French investigative magistrate Sophie Clément has asked US authorities for access to the Guantanamo Bay prison camp to probe claims of torture by three French nationals. The magistrate is looking to shed light on possible acts of torture during the detention at Guantanamo of defendants Mourad Benchellali, Nizar Sassi and Khaled Ben Mustapha, and would potentially include questioning of US military personnel.
A French judge has requested access to the US-run Guantanamo Bay prison camp to investigate allegations of torture made by three French nationals. The three men were former detainees at the US military facility in Cuba but returned to France in 2004 and 2005.
Sophie Clément, an investigative magistrate, has submitted a request to US authorities to see “all documents relating to the justification and modalities of (US) armed operations in Afghanistan and Pakistan, and to the treatment of persons arrested during these operations,” in a document signed Jan. 2. Investigative magistrates in France act as independent legal detectives, probing possible crimes in certain sensitive cases. Magistrate Clément is known in France for her previous investigation of crimes committed by the late Chilean dictator Augusto Pinochet.
[. . .] “This [request] is unprecedented,” said Philippe Meilhac, the lawyer for former prisoner Khaled Ben Mustapha. “But it’s normal that the judge leading the investigation approach those concerned at Guantanamo to verify these claims.”

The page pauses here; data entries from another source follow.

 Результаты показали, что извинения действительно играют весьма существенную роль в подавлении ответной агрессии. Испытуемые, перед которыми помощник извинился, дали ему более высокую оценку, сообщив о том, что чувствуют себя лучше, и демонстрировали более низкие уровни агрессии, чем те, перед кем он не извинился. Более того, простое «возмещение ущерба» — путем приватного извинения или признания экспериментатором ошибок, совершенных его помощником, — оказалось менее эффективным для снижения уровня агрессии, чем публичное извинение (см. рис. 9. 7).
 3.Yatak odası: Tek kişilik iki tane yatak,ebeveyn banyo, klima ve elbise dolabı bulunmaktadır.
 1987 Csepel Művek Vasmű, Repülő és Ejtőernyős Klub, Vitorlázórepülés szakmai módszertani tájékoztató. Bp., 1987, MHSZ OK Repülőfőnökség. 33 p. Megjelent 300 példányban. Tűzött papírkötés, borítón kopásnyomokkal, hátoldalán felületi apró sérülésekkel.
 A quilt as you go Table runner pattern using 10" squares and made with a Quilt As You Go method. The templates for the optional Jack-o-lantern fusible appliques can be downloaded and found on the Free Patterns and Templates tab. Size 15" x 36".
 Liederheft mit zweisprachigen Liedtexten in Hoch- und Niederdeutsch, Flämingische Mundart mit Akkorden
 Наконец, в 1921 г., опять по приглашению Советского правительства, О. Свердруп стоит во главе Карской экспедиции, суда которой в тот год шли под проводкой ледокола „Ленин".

Arrested in late 2001 on the Afghan-Pakistani border, the three men were sent to the notorious Guantanamo Bay prison. They were detained there for periods of between 11 and 17 months, before returning to France. Benchellali has reported that before being taken to Cuba he was taken to Afghanistan where he states he was beaten and forced to strip, and then made to lie on top of other naked men while US soldiers took photos. Ben Mustapha reports that after his arrest he was also taken to Afghanistan where he was subjected to sexual abuse, which judge Clément said in the legal documents could lead to rape charges. All three former inmates told of being beaten during interrogations. They were sentenced by a French court to one year in prison on terrorism charges in 2011 but have said they will appeal that decision.
According to the French lawyer, the legal request was especially sensitive because it included the possibility of questioning US soldiers.

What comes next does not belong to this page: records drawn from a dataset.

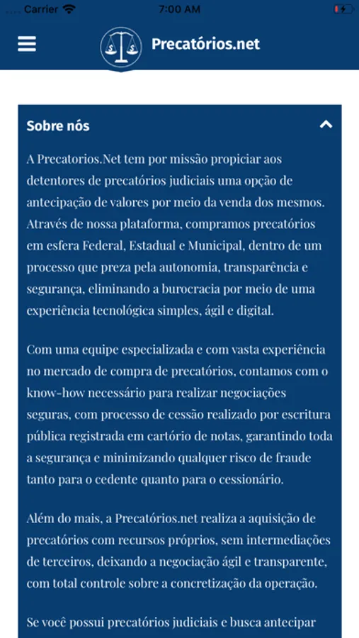 A Precatorios.Net tem por missão propiciar aos detentores de precatórios judiciais uma opção de antecipação de valores por meio da venda dos mesmos. Através de nossa plataforma, compramos precatórios em esfera Federal, Estadual e Municipal, dentro de um processo que preza pela autonomia, transparência e segurança, eliminando a burocracia por meio de uma experiência tecnológica simples, ágil e digital. Com uma equipe especializada e com vasta experiência no mercado de compra de precatórios, contamos com o know-how necessário para realizar negociações seguras, com processo de cessão realizado por escritura pública registrada em cartório de notas, garantindo toda a segurança e minimizando qualquer risco de fraude tanto para o cedente quanto para o cessionário. Cadastre-se em nossa plataforma e insira os dados solicitados. Entraremos em contato o mais breve possível.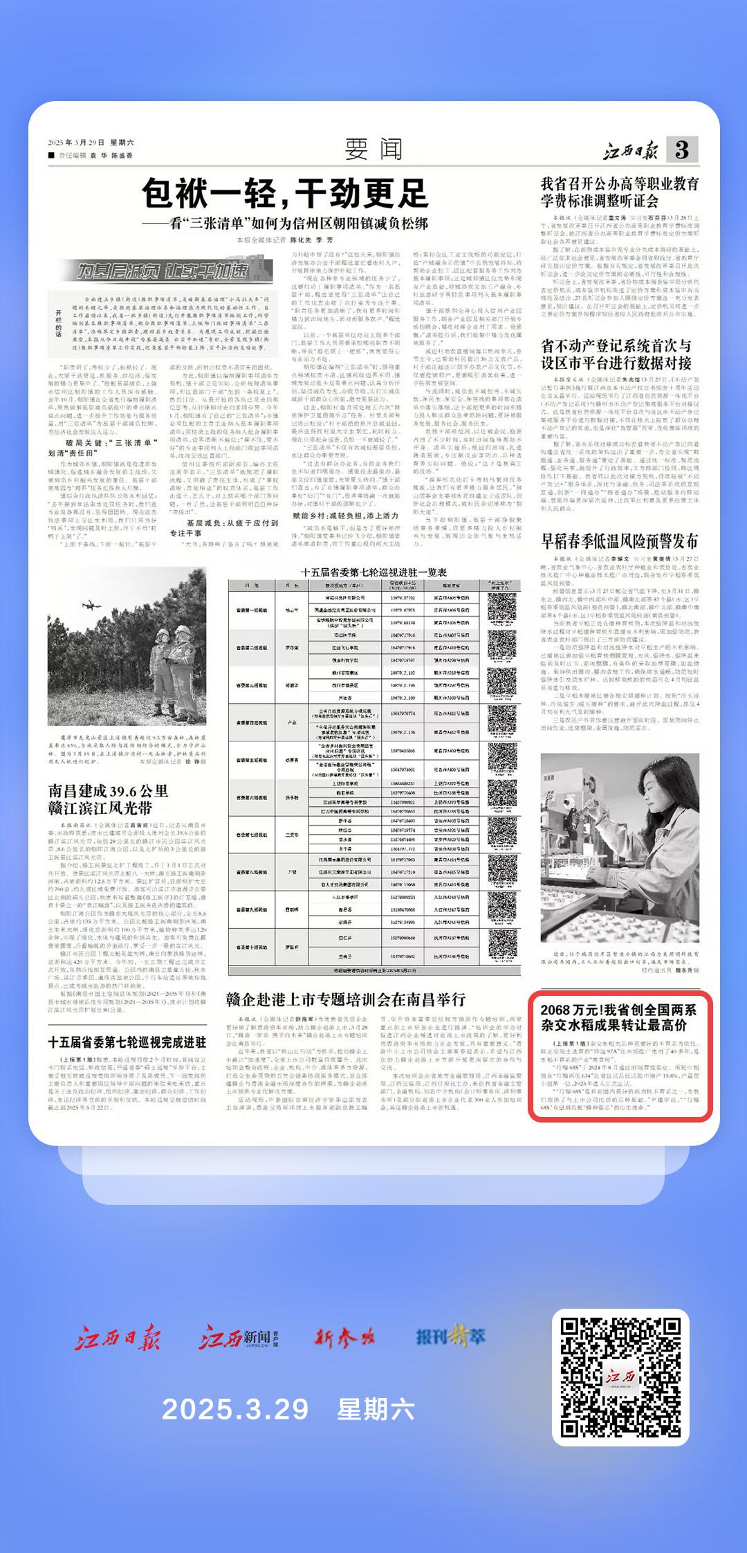 江西新闻客户端讯(江西日报全媒体记者刘佳惠子)3月28日,省农科院水稻研究所尹建华团队育成的水稻两用核不育系“行瑞68S”,以2068万元转让给江西省农发种业有限公司。这是全国两系杂交水稻成果转让的最高价。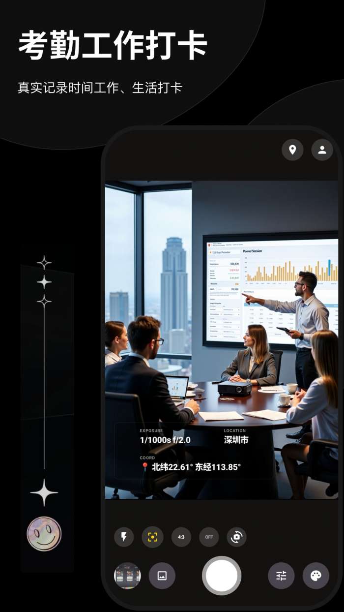 实时显示经纬度、海拔、详细地址,支持工程记录、考勤签到、物业考察等多种专业场景模式,拍摄内容自带权威时空信息,真实可靠防篡改。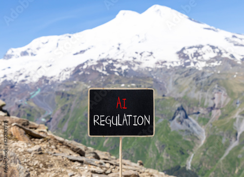 AI regulation symbol. Concept words AI artificial intelligence regulation on blackboard. Beautiful mountain Elbrus background. Business AI artificial intelligence regulation concept. Copy space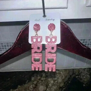 These are new, pink glitter "Bride" earrings. The earrings are made of metal and have a pink glitter finish. They are approximately 2.5 inches long and have a post back closure. The earrings are in excellent condition and have no visible imperfections. They are perfect for a bride-to-be or anyone who wants to add a touch of sparkle to their outfit.

Nevertheless, Meilhac hoped magistrate Clément’s move would set a precedent and spur other European countries to look into the torture claims made by other former Guantanamo inmates who hold European passports. Meilhac even invoked the possibility of a trial of Guantanamo personnel charged with torture in absentia, a possibility under French law. In 2010 a court in Paris tried 15 Chileans linked to the Pinochet dictatorship in absentia, eventually convicting 14 of the accused.
The Guantanamo prison was opened in January 2002, under the administration of former US president George W. Bush, to jail suspected terrorists. A decade on, 171 prisoners remain there, despite President Barack Obama’s promises to close the camp.